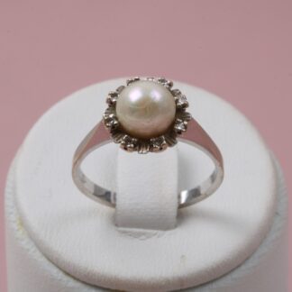 Utropspris: 3 200 krRING MED PÄRLA OCH DIAMANTER TOTALT 0,08CT. 16MM. SVENSKTILLVERKAD
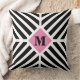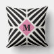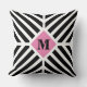 Almofada Monograma Moderno de Listras Diagonais Preto e Bra
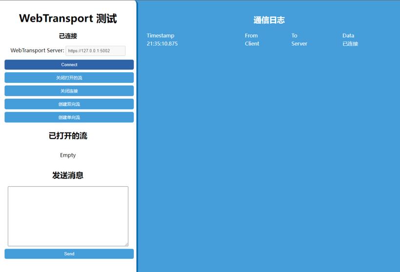 const url = 'https://localhost:5002'; const transport = new WebTransport(url); await transport.ready;连接到服务器后,可以使用 Streams API 发送和接收数据。
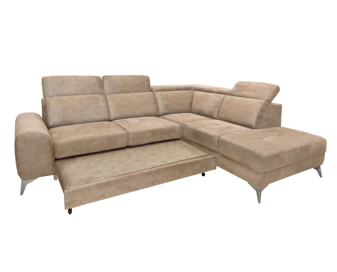 Corner sofa with bed Diego Beige Left side 288x230x102cm. Melamine L2.88W2.3H0.85
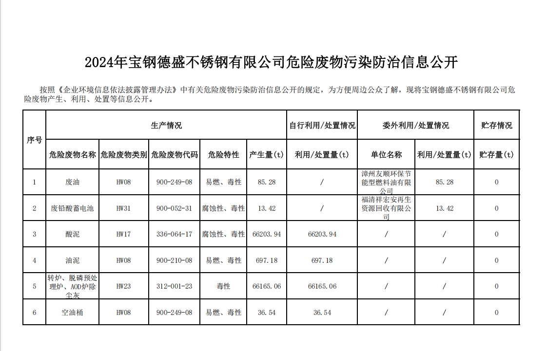 2024年寶鋼德盛不銹鋼有限公司危險廢物污染防治信息公開
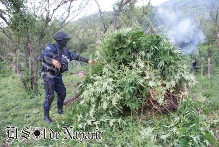 Seis plantíos de marihuana que en su totalidad rebasaban 1 hectárea de superficie, fueron descubiertos por elementos de la Policía Nayarit en las inmediaciones del poblado de San José, en el municipio de Ixtlán del Río.
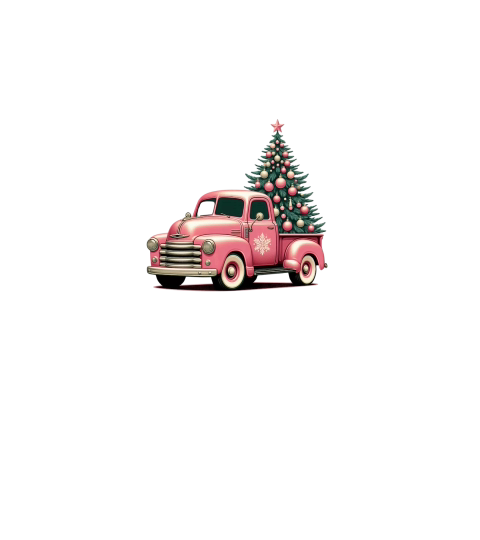 Retro Pink Christmas Truck with Tree Clipart (1)
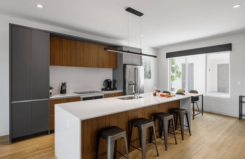 enter an expansive living space tailored for comfort and gatherings The contemporary d cor includes a sofa bed for additional sleeping options and a smart TV for entertainment. Adjacent, discover a fully stocked kitchen featuring high-end appliances, a large island with bar seating, and essential cooking amenities. Begin your day on the tranquil private balcony accessible from the kitchen, furnished to enhance your morning routine.
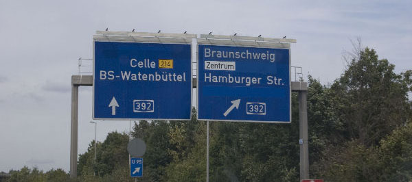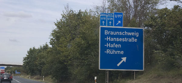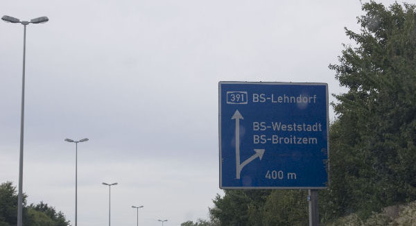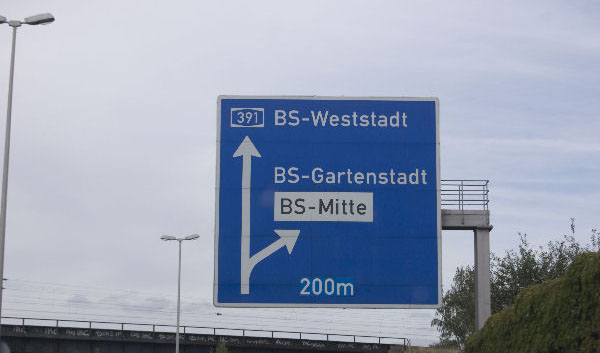 Entfernungstafel hinter BS-Weststadt
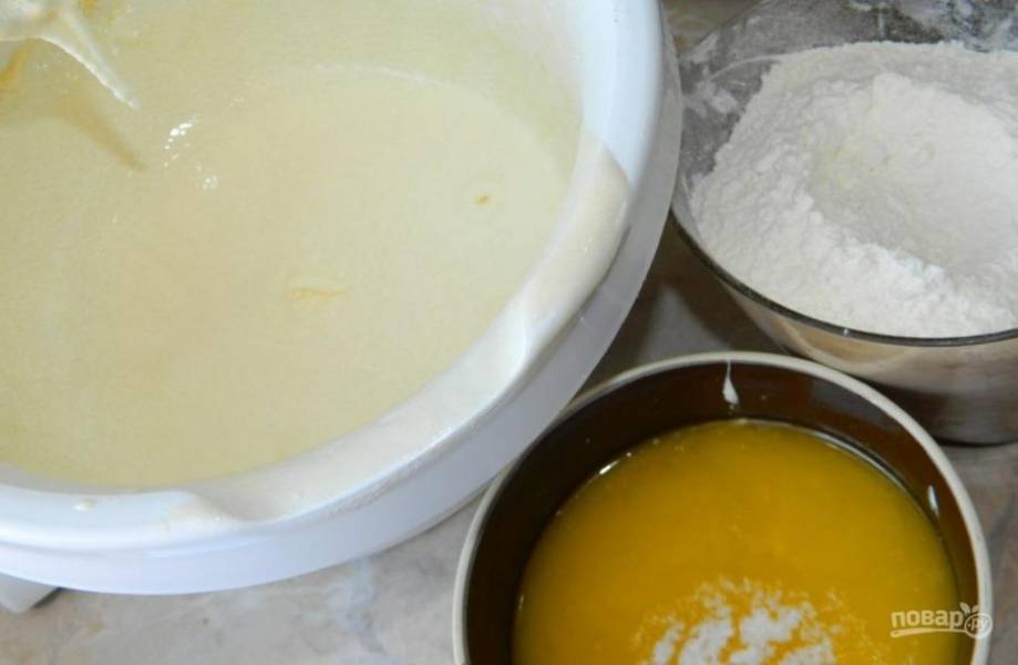 Отдельно доведите до кипения молоко и сливочное масло. Аккуратно вмешивайте в пышную яичную массу муку с содой и молочно-масляную смесь.
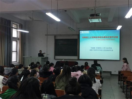 为提高新葡萄官网师生学法守法的意识,11月30日下午,学院在经管楼1112教室举办了法律知识宣传讲。讲座由我校文法学院教师刘建新主讲,新葡萄官网师生参与了活动。
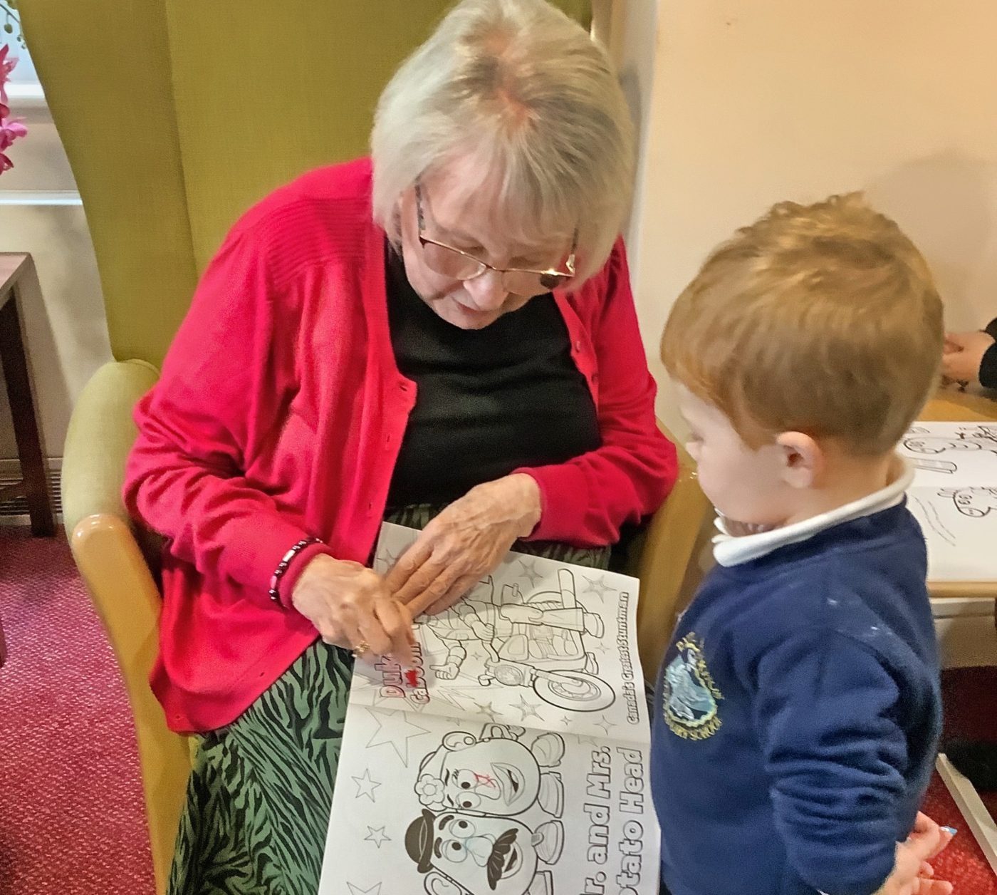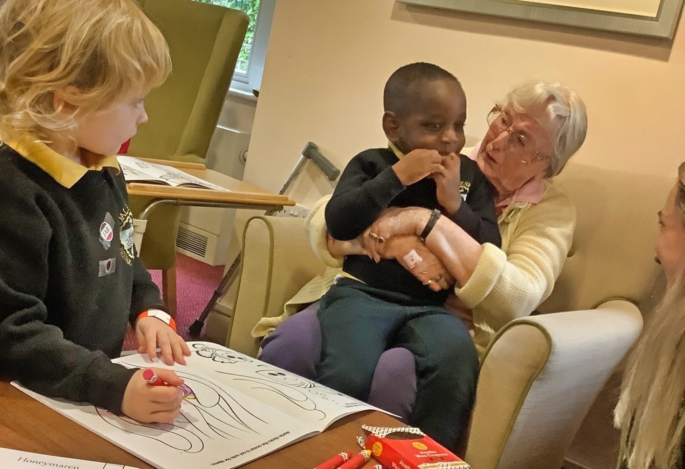 During their latest stay, children spent time colouring with residents, making towers with bricks and singing old-school nursery rhymes which went down extremely well.
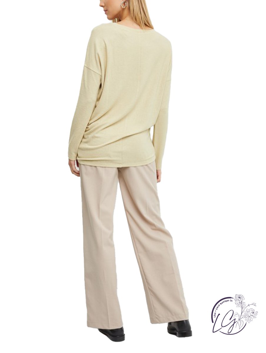 Introducing the Whispering Waves Boatneck Long Sleeve—a sublime fusion of comfort and style. Immerse yourself in the luxurious embrace of this ultra-soft knit top, designed to elevate your wardrobe with ease. The gracefully flattering boat neckline adds a touch of class, while the perfect flowy fit ensures both comfort and a chic silhouette.
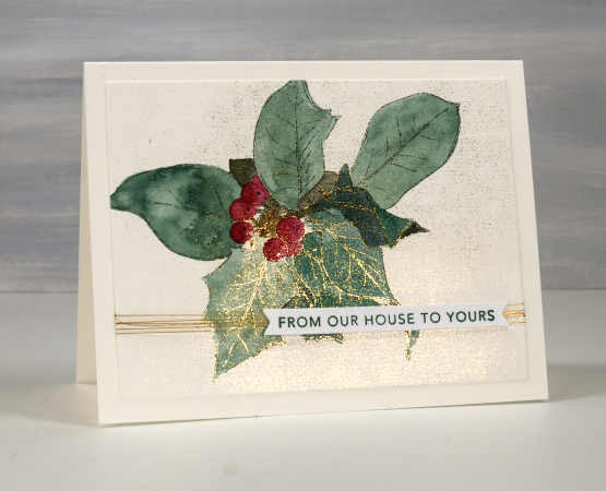 I’m not sure that holly comes in the blue green colour I chose for the card above but I like a bluey green so I keep choosing it on my projects. The green shown below might be more realistic.

════════

■ YOUR OBJECTIVE ■
An exact copy of the listing is needed, minus its pictures.

■ RESULT ■
 Utropspris: 3 200 krRING MED PÄRLA OCH DIAMANTER TOTALT 0,08CT. 16MM. SVENSKTILLVERKAD
 Almofada Monograma Moderno de Listras Diagonais Preto e Bra
 const url = 'https://localhost:5002'; const transport = new WebTransport(url); await transport.ready;连接到服务器后,可以使用 Streams API 发送和接收数据。
 Corner sofa with bed Diego Beige Left side 288x230x102cm. Melamine L2.88W2.3H0.85
 2024年寶鋼德盛不銹鋼有限公司危險廢物污染防治信息公開
 Seis plantíos de marihuana que en su totalidad rebasaban 1 hectárea de superficie, fueron descubiertos por elementos de la Policía Nayarit en las inmediaciones del poblado de San José, en el municipio de Ixtlán del Río.
 Retro Pink Christmas Truck with Tree Clipart (1)
 enter an expansive living space tailored for comfort and gatherings The contemporary d cor includes a sofa bed for additional sleeping options and a smart TV for entertainment. Adjacent, discover a fully stocked kitchen featuring high-end appliances, a large island with bar seating, and essential cooking amenities. Begin your day on the tranquil private balcony accessible from the kitchen, furnished to enhance your morning routine.
 Entfernungstafel hinter BS-Weststadt
 Отдельно доведите до кипения молоко и сливочное масло. Аккуратно вмешивайте в пышную яичную массу муку с содой и молочно-масляную смесь.
 为提高新葡萄官网师生学法守法的意识,11月30日下午,学院在经管楼1112教室举办了法律知识宣传讲。讲座由我校文法学院教师刘建新主讲,新葡萄官网师生参与了活动。
 During their latest stay, children spent time colouring with residents, making towers with bricks and singing old-school nursery rhymes which went down extremely well.
 Introducing the Whispering Waves Boatneck Long Sleeve—a sublime fusion of comfort and style. Immerse yourself in the luxurious embrace of this ultra-soft knit top, designed to elevate your wardrobe with ease. The gracefully flattering boat neckline adds a touch of class, while the perfect flowy fit ensures both comfort and a chic silhouette.
 I’m not sure that holly comes in the blue green colour I chose for the card above but I like a bluey green so I keep choosing it on my projects. The green shown below might be more realistic.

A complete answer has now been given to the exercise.